WASHINGTON — White House aides improperly intervened to falsely assert that a manuscript by the former national security adviser John R. Bolton contained classified information in an attempt to prevent its contents from becoming public, a lawyer for the career official overseeing the book’s prepublication review said in a letter filed in court on Wednesday.
At one point, the aides halted a request from Mr. Bolton to review his account of President Trump’s dealings with Ukraine so he could release that section of the memoir during the impeachment trial, according to the lengthy account of the White House review written by Kenneth L. Wainstein, a lawyer for the official, Ellen Knight.
Mr. Wainstein said that his client had determined in April that Mr. Bolton’s book, “The Room Where It Happened,” no longer contained any classified information, but the “apolitical process” was then “commandeered by political appointees for a seemingly political purpose” to go after Mr. Trump’s former aide and that the actions she was asked to take were “unprecedented in her experience.”
“She had never previously been asked to take the above-described measures, and she has never heard that predecessors in her position ever received such instructions in the course of their prepublication reviews,” the letter said.
The filing was an extraordinary twist in the legal saga surrounding Mr. Bolton’s book. The Trump administration sought to block Mr. Bolton from publishing the manuscript after the book was already published and has opened a criminal investigation into whether he unlawfully disclosed classified information.
But the letter called into question the premise of those efforts — that the book contains any classified information. Mr. Wainstein recounted a series of irregularities that he said were unlike any other prepublication review Ms. Knight had handled in her two years working at the National Security Council.
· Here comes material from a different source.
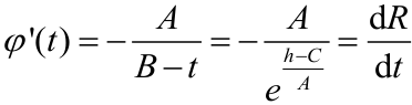 假設(shè): h=φ(t)=Aln(B?t)+C

Political appointees in the White House directed her not to communicate with them in writing about the book, and proceeded to have a politically appointed lawyer — Michael Ellis, a former aide to Representative Devin Nunes, a close Trump ally and California Republican — conduct his own review of the book.
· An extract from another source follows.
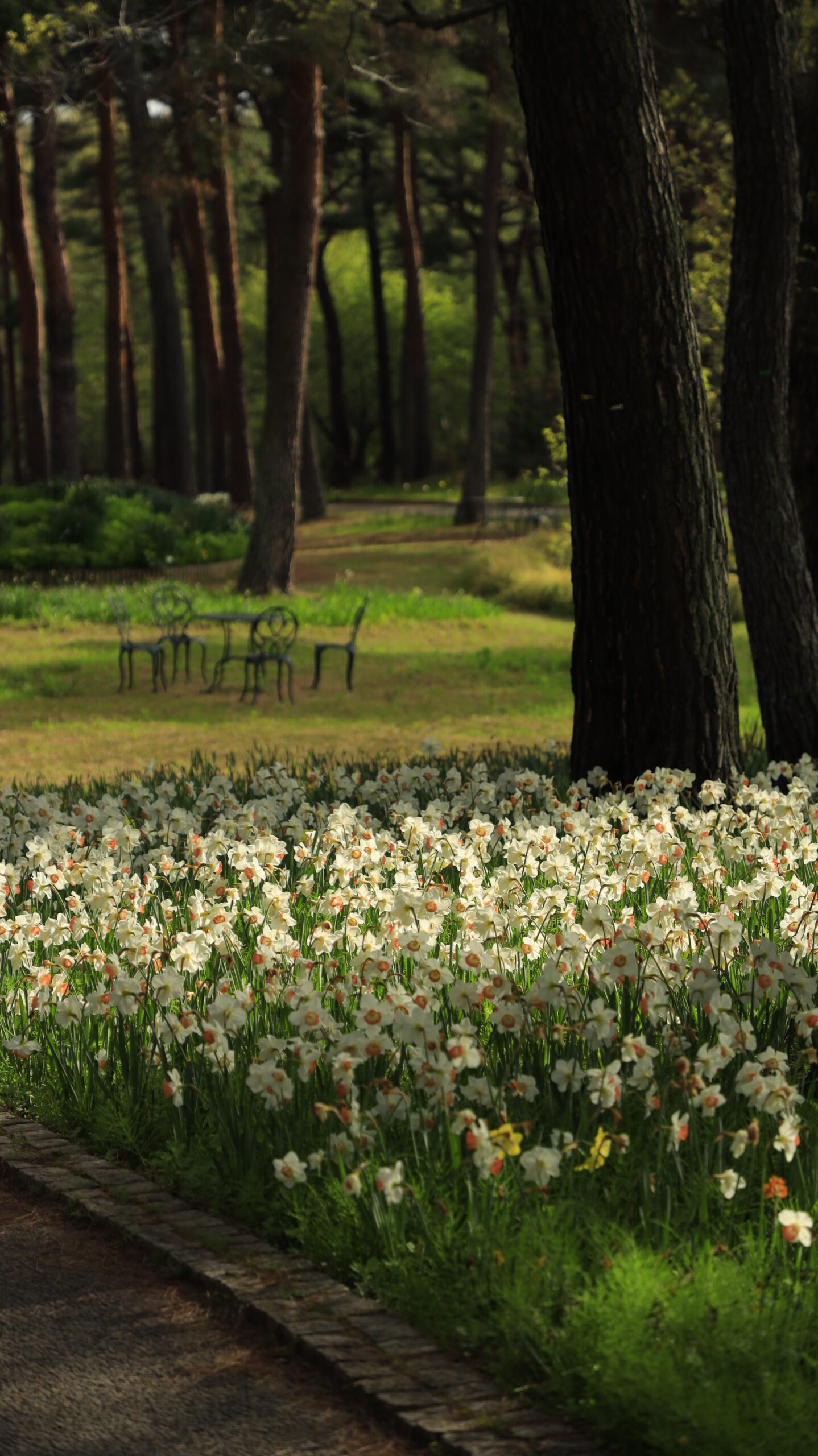 この写真は、国営ひたち海浜公園で、水仙の森の中でわずかに差し込む光が水仙に当たる瞬間を狙って撮影したものです。

Mr. Ellis had no training in prepublication reviews at the time — he underwent it after he completed his review — and pronounced the book replete with still-classified information, a position the Justice Department then made in court seeking to block Mr. Bolton from distributing the book.
But Mr. Ellis was wrong, Mr. Wainstein wrote. Rather than evaluating the book by prepublication review standards for writings by a private citizen, he essentially treated the manuscript as a government document being subject to a classification review.
But the two are very different, the letter explained, on matters like discussing a phone call between a president and a foreign leader. Mr. Bolton’s book contains numerous accounts of such discussions between Mr. Trump and his counterparts.